[Stored items from a collection]

BEGIN

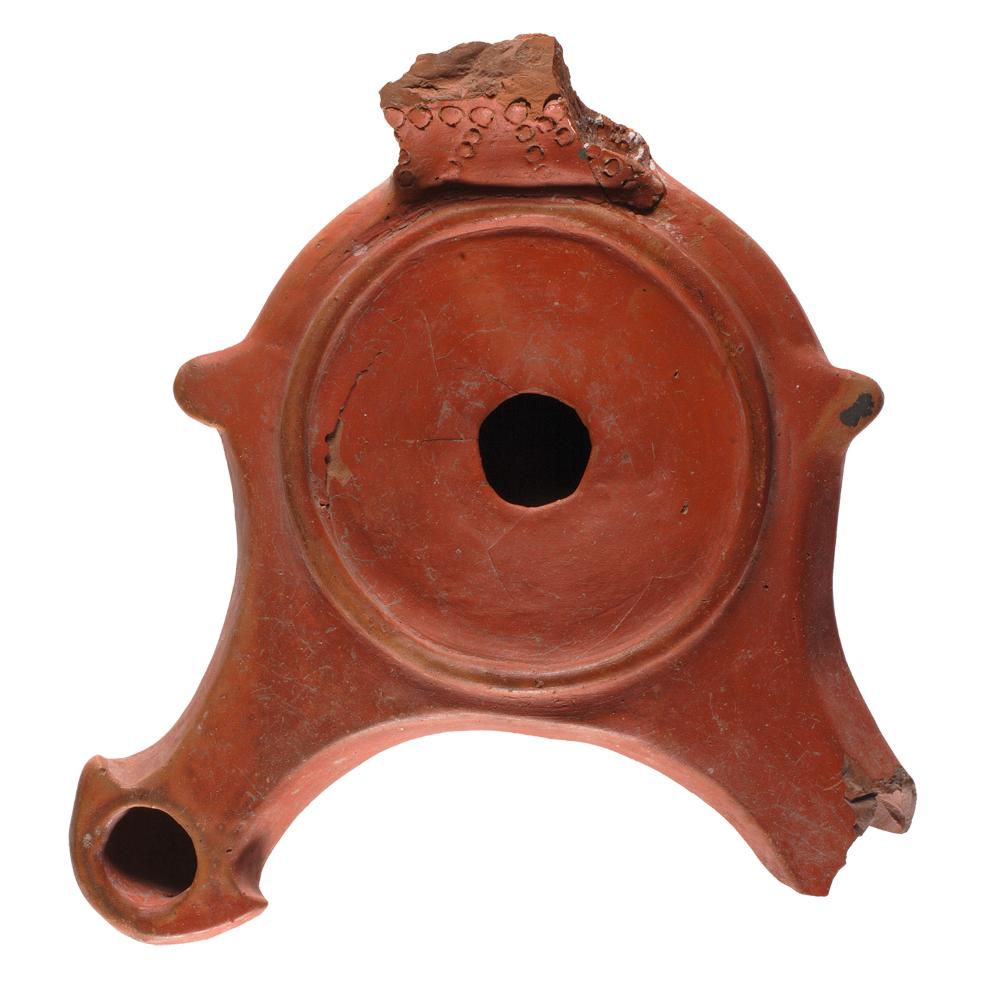 Zweiflammige Ständerlampe. Überdimensionierte zweischnauzige Lampe mit gerundeten Volutenschnauzen. Der mit gestempelten, kreisförmigen Elementen geschmückte Henkel ist nur im Ansatz erhalten.
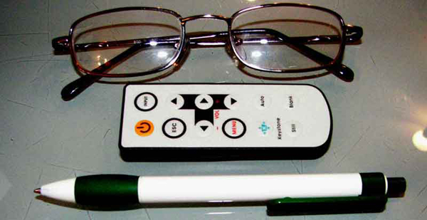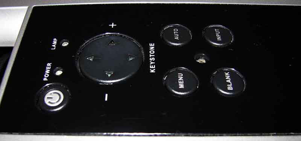 Управление проектором достаточно простое и надежное пульт меню выполнен в форм-факторе «кредитка» хотя на нее не сильно похож, так как, чуть уже кредитной карточки, и чуть короче ее. На пульте 12 кнопок расположенных в два столбика по 6 кнопок, при этом большая их часть отдана под управление главным меню, а четыре кнопки «джойстика» располагаются нетрадиционно Т-образно.
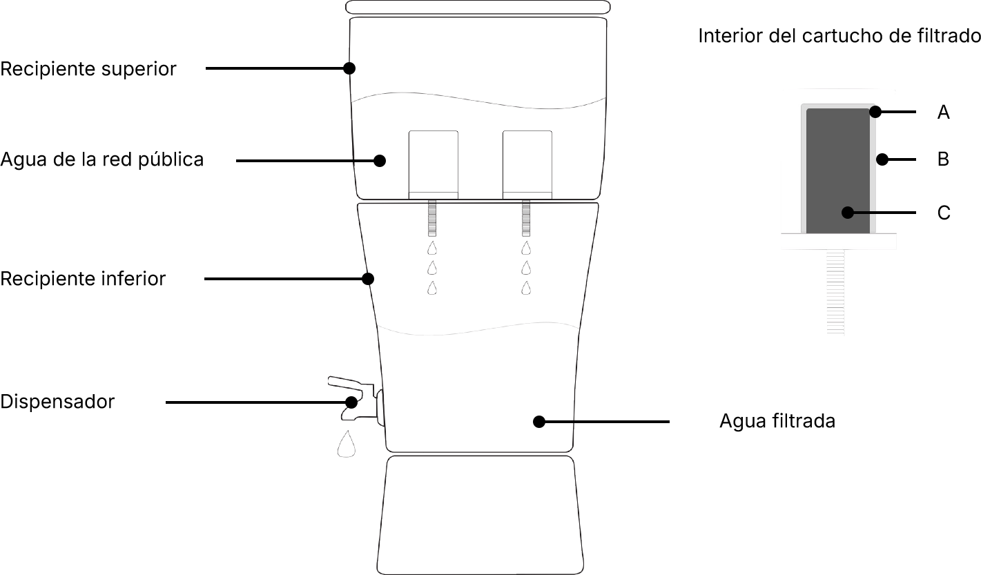 3. Suministro de agua. El agua filtrada se deposita en el recipiente inferior, de donde se obtiene el agua a través de la llave.
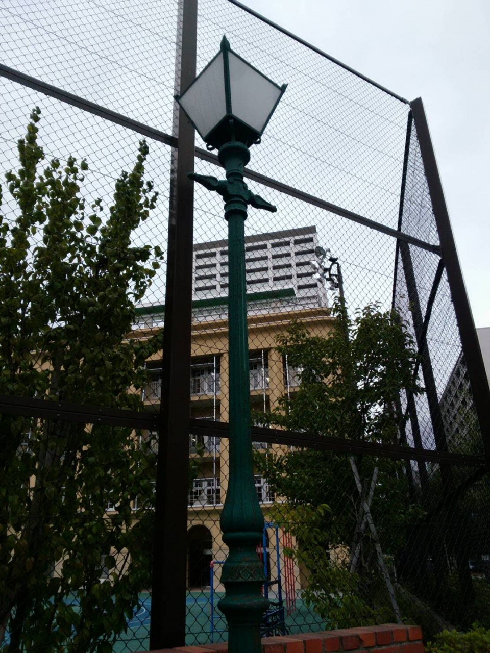 聖路加国際病院近くの明石小学校の校庭脇の歩道沿いにガス街灯柱はありました。この辺りは、明治時代は外国人居留地があったこともあり、レンガ塀の遺構などとともに当時の面影を残すもののひとつとして風情を感じることができるものでした。
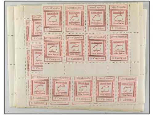 ESPAÑA GUERRA CIVIL. ZONA NACIONAL. ÁFRICA (Villa Nador). 5 cts. rosa. 123 sellos en hojas completas de 25 sellos o en bloques. Allepuz ** 1.
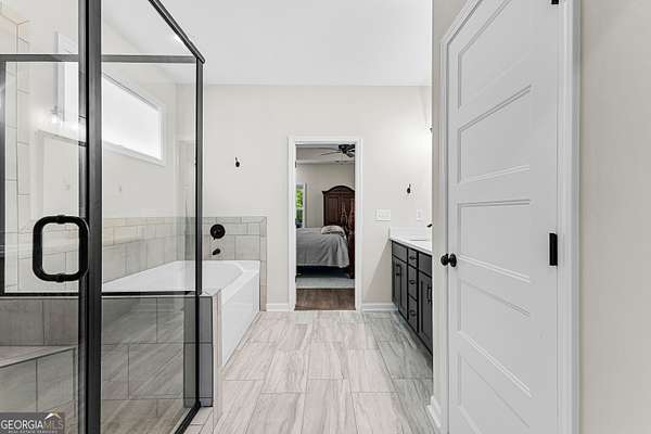 Double Vanity, High Ceilings, Master On Main Level, Separate Shower, Split Bedroom Plan, Tile Bath, Vaulted Ceiling(s), Walk-In Closet(s)
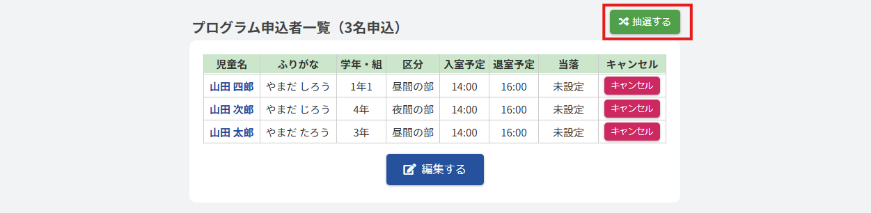 手動で抽選を行うこともできます。抽選を行う際は、【編集する】ボタンをクリックしてください。
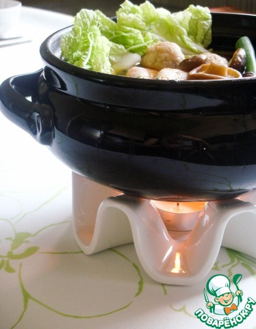 Идеально- если у вас имеется газовая горелка или плитка. В этом случае весь процесс приготовления можно организовать прямо за обеденным столом. Если же блюдо все-таки готовится на плите, то можно воспользоваться, например, подставкой от фондю и на ней перенести котелок на стол.
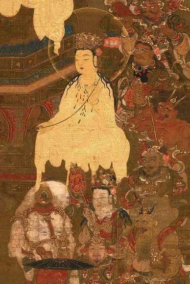 ...查看更多般若守护十六善神的尊形,除《别尊杂记》绘有其像外,在唐朝金刚智也绘有十六善神图(后被日僧空海携回日本),呈神王形,以释迦如来为中心,左右有文殊、普贤、法涌与阿难、玄奘与深沙大将等并列,两侧则分列十六善神,但此图所列的尊名与上述略有差异。
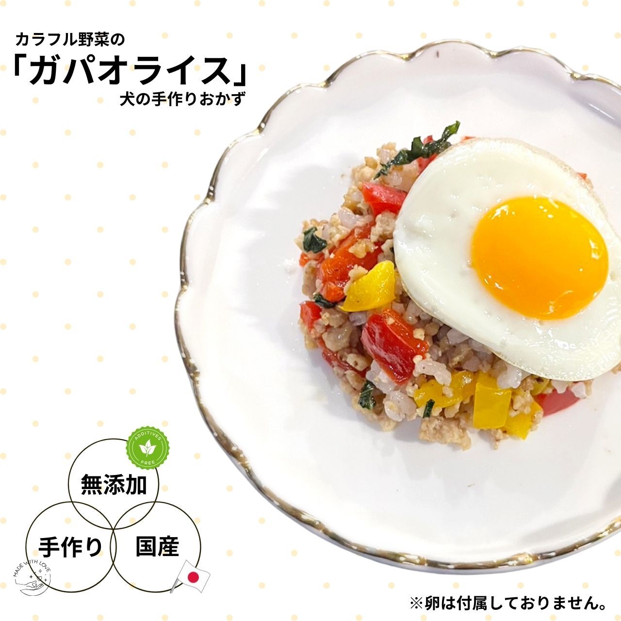 原材料:鶏ももミンチ・白米・パプリカ黄・パプリカ赤・ズッキーニ(時期によりきゅうりに変更)・卵殻パウダー
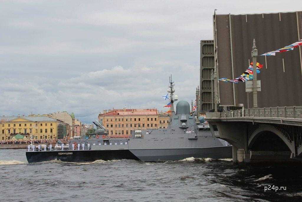 Первый корабль, прибывший в порт Кронштадта перед участием в торжественном мероприятии – малое ракетное судно «Великий Устюг» по проекту 21631, проходящее под шифром «Буян-М» и входящее во флотилию Каспийского флота. Конструкция этого корабля, относящегося к судам класса «река-море», выполнена в соответствии с требованиями к снижению видимости на радиолокационных приборах.
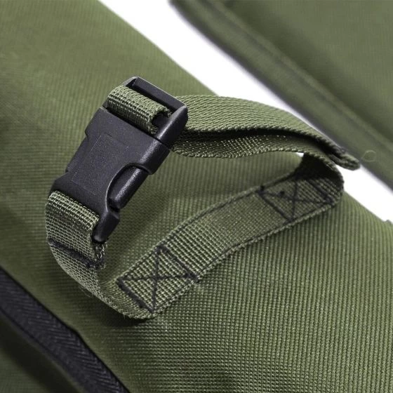 The quiver is made from a tough and durable 600 denier fabric and has a reinforced waterproof base. It features two external pockets and a main zipped compartment designed to hold a brolly and adjustable padded shoulder strap.
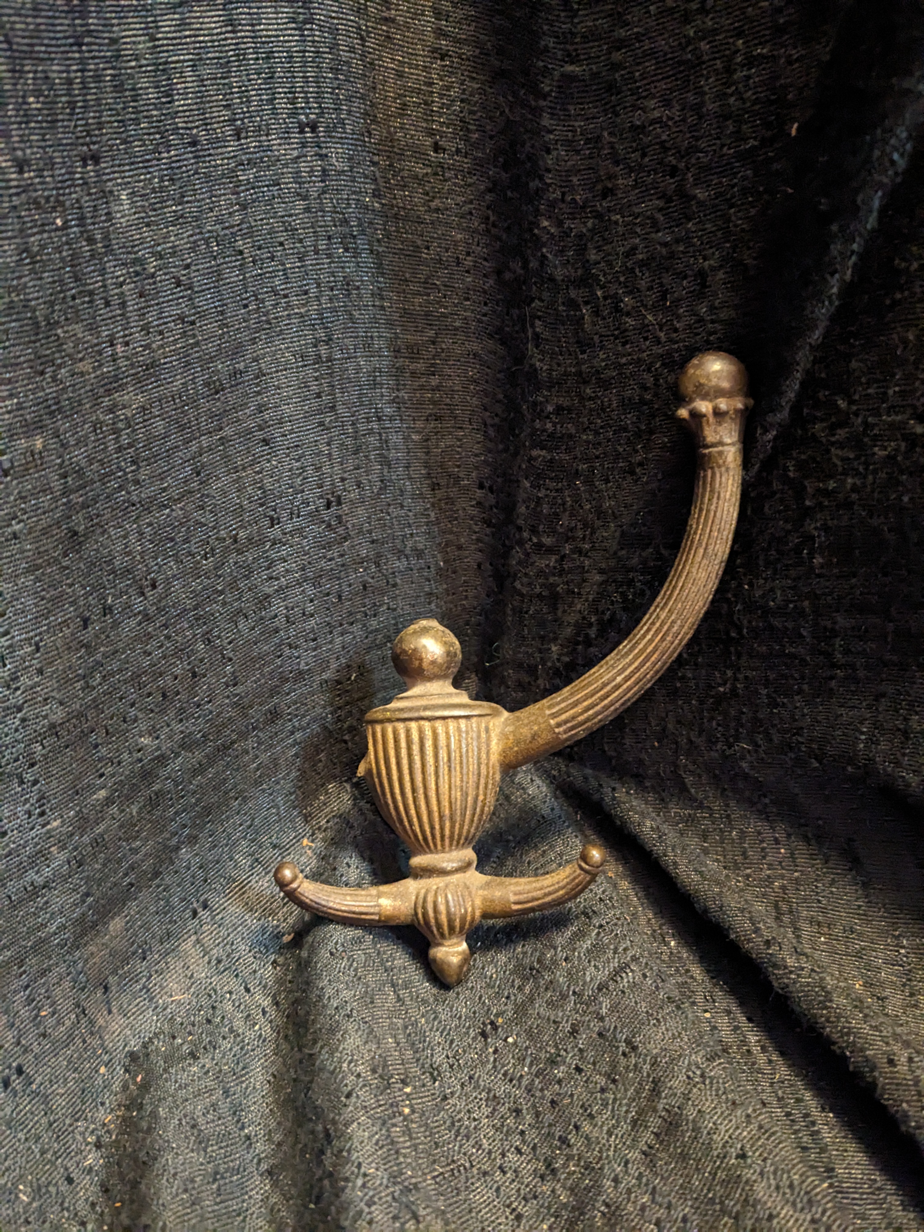 Even with only three arms, this hook has room for all your layers. It is old cast iron with a bit of a shine from a finish that is mostly worn. It is installed by drilling through a door or board, feeding the post through, and securing it with a nut on the back.

END

# EXERCISE REQUIREMENTS:
Your reply should consist solely of the lines above from the line containing "ESPAÑA GUERRA CIVIL." up to and including the line containing "Идеально- если у", reproduced exactly, minus the pictures.

# EXPECTED OUTPUT:
 ESPAÑA GUERRA CIVIL. ZONA NACIONAL. ÁFRICA (Villa Nador). 5 cts. rosa. 123 sellos en hojas completas de 25 sellos o en bloques. Allepuz ** 1.
 Double Vanity, High Ceilings, Master On Main Level, Separate Shower, Split Bedroom Plan, Tile Bath, Vaulted Ceiling(s), Walk-In Closet(s)
 手動で抽選を行うこともできます。抽選を行う際は、【編集する】ボタンをクリックしてください。
 Идеально- если у вас имеется газовая горелка или плитка. В этом случае весь процесс приготовления можно организовать прямо за обеденным столом. Если же блюдо все-таки готовится на плите, то можно воспользоваться, например, подставкой от фондю и на ней перенести котелок на стол.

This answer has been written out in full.